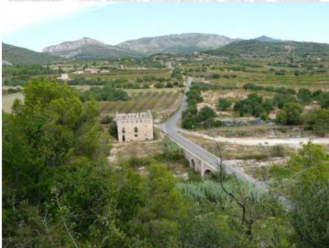
El puente de Goi; en primer plano, las ruinas del molino paplero construido en el siglo XIX

La noche del 24 al 25 de febrero de 1809, el ejército español dejaba atrás Montblanc y surgía del estrecho paso de la Riba, tras llevar más de 10 horas de dura caminata, en plena noche gélida invernal. Reding había ordenado que la marcha se realizase en absoluto silencio, y los soldados de avanzada cruzaron el río Francolí por el puente de Goi, a un par de kilómetros al noroeste de Valls. Hacia las cinco de la madrugada las unidades de vanguardia, mandadas por el general Castro , y buena parte del centro, a las órdenes del general Martí , habían cruzado el puente y dejaban a su izquierda los altozanos del camino de Picamoixons a Valls[15]. Pero mientras las fuerzas españolas seguían cruzando el río, la guardia nocturna francesa les descubrió y abrió fuego[16]. Perdido el elemento sorpresa, las unidades españolas respondieron al fuego de los centinelas franceses, que se retiraron a su campamento, situado a las afueras de Valls, cerca de la otra ribera del río.
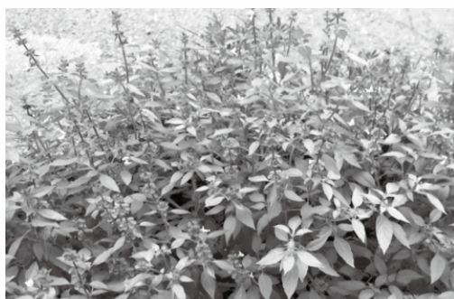
■暖かくなる頃に育つトウルシーは、独特の良い香りで、小さな紫色の可愛い花を咲かせます。

▽都留市まちづくり市民活動支援センター 都留市中央3-8-1 都留市まちづくり交流センター (旧文化会館)1階 ▽開館 火～日(祝日除) 8:30～17:15 ▽問い合わせ先 mail: shien@city.tsuru.yamanashi.jp ☎(43)1321 FAX(43)1322
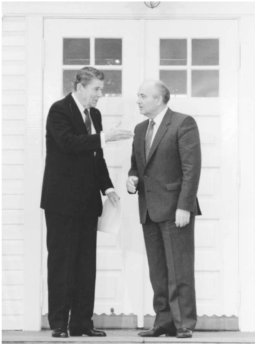
Leiðtogafundurinn í Höfða 1986, sem markaði upphafið að lokum Kalda stríðsins.

Íslendingum hefur orðið tíðrætt um sérstöðu sína sem vopnlausrar þjóðar með afstöðu hvort tveggja til austurs og vesturs. Þótt slíkar lýsingar geti orðið æði klisjukenndar er vert að gefa þeim gaum
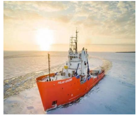
Rompighiaccio sull' Artico
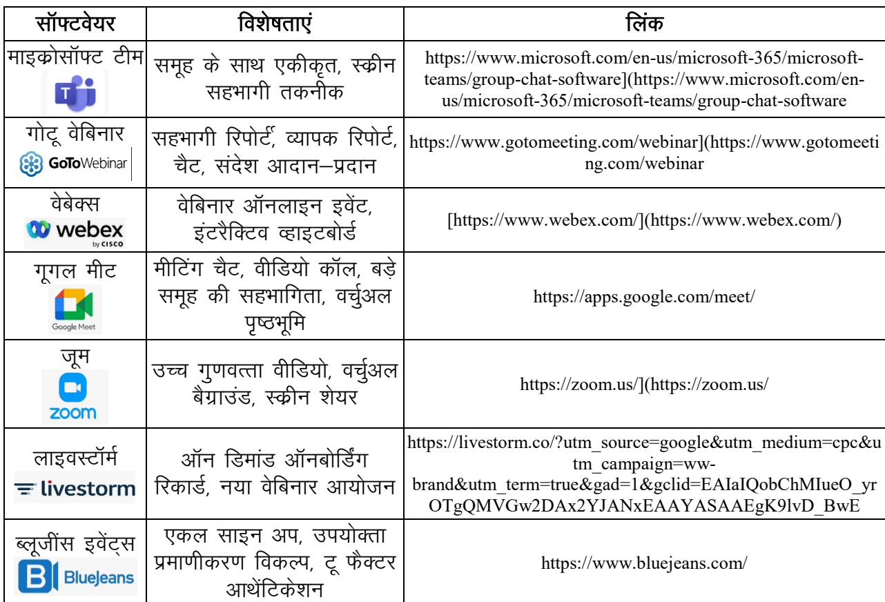
तालिका 1: वेबिनार आयोजन हेतु प्रमुख सॉफ्टवेयर।

ब्लूजींस इवेंट्स: एक वेबिनार और ऑनलाइन इवेंट्स को आयोजित करने के लिए एक वीडियो कॉन्फ्रेंसिंग प्लेटफॉर्म है। यह व्यक्तिगत और व्यापारिक उपयोगकर्ताओं के लिए डिजाइन किया गया है ताकि वे वेबिनार आयोजित कर सकें और व्यापारिक समर्थन, प्रस्तावना, प्रश्नोत्तरी सत्र आदि के आयोजन कर सकें। इन उपकरणों से ऑनलाइन वेबिनार का आयोजन कर सकते हैं और अपने उपयोगकर्ताओं के साथ ज्ञान, संवाद और अनुभव को साझा करते हैं।
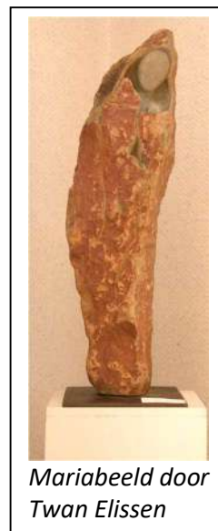
Mariabeeld door Twan Elissen

Aanmelding is nog mogelijk (via titusbrandsma@karmel.nl ). Dan krijgt u de Zoomlink toegestuurd. Aanvang: 20.00 uur. (Kosten € 5.)
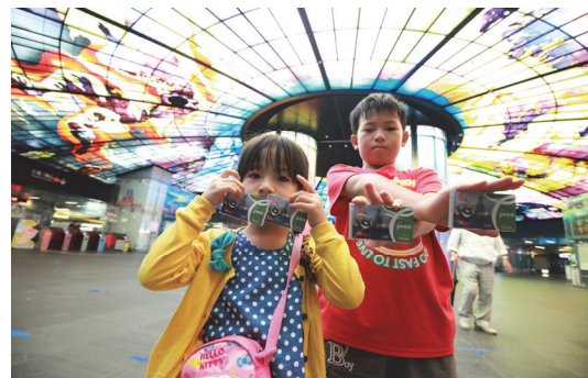
民眾體驗高屏澎好玩卡智慧旅遊
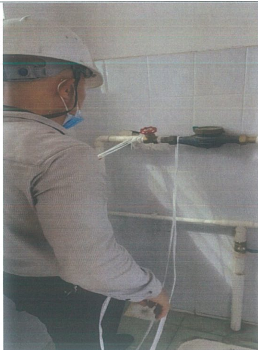
水资源设施设备检修 7
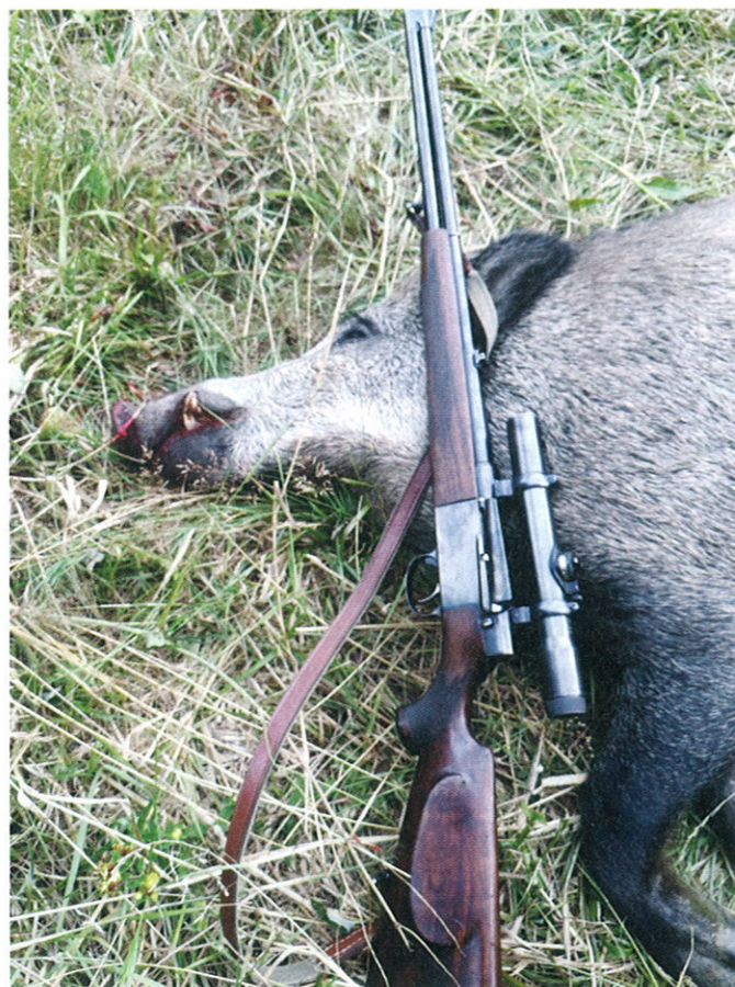
Krieghoff Semi-automatriffel fra 1930'erne er meget sjælden, men nogle få bruges til jagt den dag i dag. Denne er en top-raritet fra 1938, som fremstår helt original i kaliber 8x60S og med en Zeiss Ziel-multi 1,5-4 Vario-kikkert på Krieghoffs originale Aufschubmontage med "see-through"-tunnel.

☆ ☆ ☆ ☆ ☆

## Work required
Nothing but the lines from the line with "shien@city.tsuru.yamanashi.jp ☎(43)1321 FAX(43)1322" through the last line of the listing should be copied, exactly and with both ends kept. Leave pictures out.

## Result of this task
▽都留市まちづくり市民活動支援センター 都留市中央3-8-1 都留市まちづくり交流センター (旧文化会館)1階 ▽開館 火～日(祝日除) 8:30～17:15 ▽問い合わせ先 mail: shien@city.tsuru.yamanashi.jp ☎(43)1321 FAX(43)1322
Leiðtogafundurinn í Höfða 1986, sem markaði upphafið að lokum Kalda stríðsins.

Íslendingum hefur orðið tíðrætt um sérstöðu sína sem vopnlausrar þjóðar með afstöðu hvort tveggja til austurs og vesturs. Þótt slíkar lýsingar geti orðið æði klisjukenndar er vert að gefa þeim gaum
Rompighiaccio sull' Artico
तालिका 1: वेबिनार आयोजन हेतु प्रमुख सॉफ्टवेयर।

ब्लूजींस इवेंट्स: एक वेबिनार और ऑनलाइन इवेंट्स को आयोजित करने के लिए एक वीडियो कॉन्फ्रेंसिंग प्लेटफॉर्म है। यह व्यक्तिगत और व्यापारिक उपयोगकर्ताओं के लिए डिजाइन किया गया है ताकि वे वेबिनार आयोजित कर सकें और व्यापारिक समर्थन, प्रस्तावना, प्रश्नोत्तरी सत्र आदि के आयोजन कर सकें। इन उपकरणों से ऑनलाइन वेबिनार का आयोजन कर सकते हैं और अपने उपयोगकर्ताओं के साथ ज्ञान, संवाद और अनुभव को साझा करते हैं।
Mariabeeld door Twan Elissen

Aanmelding is nog mogelijk (via titusbrandsma@karmel.nl ). Dan krijgt u de Zoomlink toegestuurd. Aanvang: 20.00 uur. (Kosten € 5.)
民眾體驗高屏澎好玩卡智慧旅遊
水资源设施设备检修 7
Krieghoff Semi-automatriffel fra 1930'erne er meget sjælden, men nogle få bruges til jagt den dag i dag. Denne er en top-raritet fra 1938, som fremstår helt original i kaliber 8x60S og med en Zeiss Ziel-multi 1,5-4 Vario-kikkert på Krieghoffs originale Aufschubmontage med "see-through"-tunnel.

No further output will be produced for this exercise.